There are more than 60 healing animations for when the player is wounded. This means when you have low health from being shot at by pretty much everyone, you press whichever button you have designated for healing and it does something according to whether you got shot, you fell, you were on fire, etc.

Shot in the leg? Press H. The player whips out his pliers and pulls the bullet out. Arm on fire? Press H, and pat your arm down till it goes out.

Probably the most impressive feature and the favorite of many gamers, too, is this little thing called fire propagation.

Oh yes, things burn. They burn quite well also.

Out of bullets? No biggie; take out that flamethrower, light up the dried out grass and vegetation, and create a wall of fire between you and your enemies.
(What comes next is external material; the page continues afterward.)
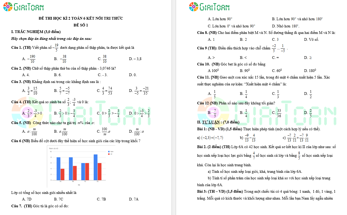 Đề thi học kì 2 Toán 6 Kết nối tri thức - Đề số 1 DownloadCác phiên bản khác và liên quan: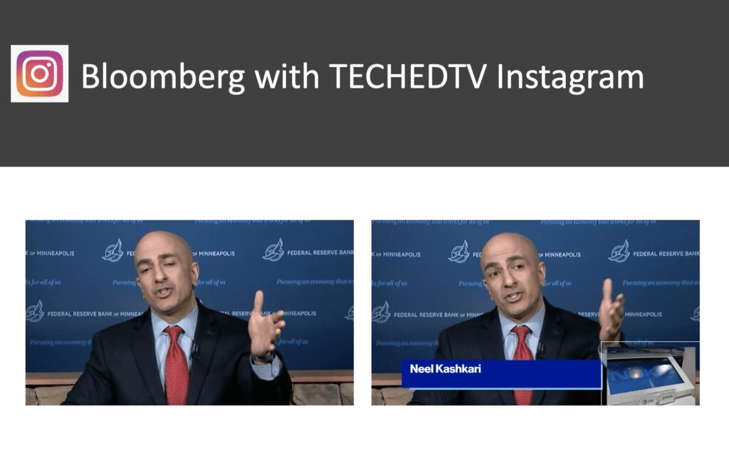 Instagram can also be made part of the Bloomberg or CGTV feed as shown in the bottom right corner of the screen. As the video starts playing, web elements slide up and down from the screen which are animated with web-based standard technologies.

Then watch the fire spread with the direction of the wind.

This leads to another nice feature of Far Cry 2: its weather and nature system. Ubisoft and EA threw in a fully automated weather system and ecosystem with rain, sun, clouds, wind lightning, animals like zebras and birds, plant growth and a real-time day-night cycle.

Altogether, the engine the developers made doesn’t look that bad. It’s quite nice actually. Far Cry 2 may look pretty and may run well, but it’s nothing special. It’s more of a modern day version of the fantasy first-person-shooter Oblivion, or Ubisoft’s answer to the game stalker.

The landscape will definitely have you driving around for countless hours, as this game has an extremely long playtime. But it adds little to the sandbox shooter genre.